Category Archives: culture

Fogo Island, Newfoundland


I made my way to Fogo Island off the North coast of Newfoundland in Atlantic Canada this summer (celebrity Gwyneth Paltrow just beat me to it); here are some of my thoughts and photos from the trip.

This small Canadian island of 2,500 inhabitants is creating quite a stir the past few years. And much of the hoopla is around this stunning structure, built partly on stilts. The Fogo Island Inn was designed by Newfoundland-born, Norway-based architect Todd Saunders. The five-star, 29-room, luxury ‘journey’s end’ has generated lots of jobs for locals and garnered international attention. It features a rooftop spa, library, high-end personal service, and luxe décor based on local traditions. Two words: book early.


Behind a growing initiative to make Fogo a geotourism destination is Zita Cobb, a dot-com entrepreneur who retired early after making her fortune abroad and for the last decade has been dedicated to helping rebuild the island she left when she was 16. To encourage people to stay, she established the Shorefast Foundation – an organization committed to preserving the Islanders’ traditions and aims at rejuvenating the Island through the arts and culture.

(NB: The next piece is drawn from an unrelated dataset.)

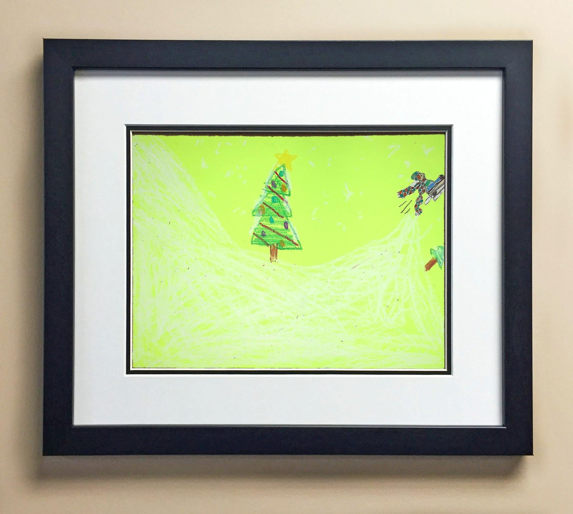 Included with the purchase is the Students Artwork, Frame, double matboard, shatter proof plexiglass, and a ready to hang backerboard with turnbuttons
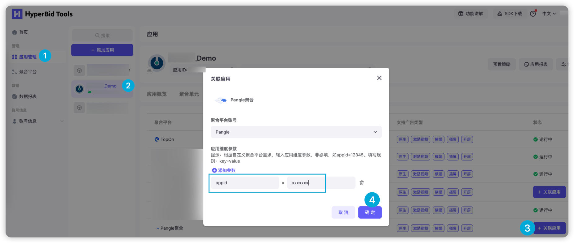 - 在完成自定义聚合平台账号录入后,您还需要在对应的应用下关联已添加的自定义聚合平台账号,配置自定义聚合平台下需要的应用维度参数,到此才完成最终关联应用的操作。

Cobb is the client behind the now world-famous inn and a series of six artists’ studios (also by Saunders) scattered across the Island. These unique, self-sustaining, off-the-grid pavilions perched on the edge of the Atlantic provide visiting international writers and artists time and space to do their work.




Residents are appreciative of the attention and the business, which has made a real difference to Fogo. It is helping to sustain, so far, a very particular and special social fabric. Frayed and weathered, it may be, but the colourful, vibrant and resilient communities of the Island continue to make their mark.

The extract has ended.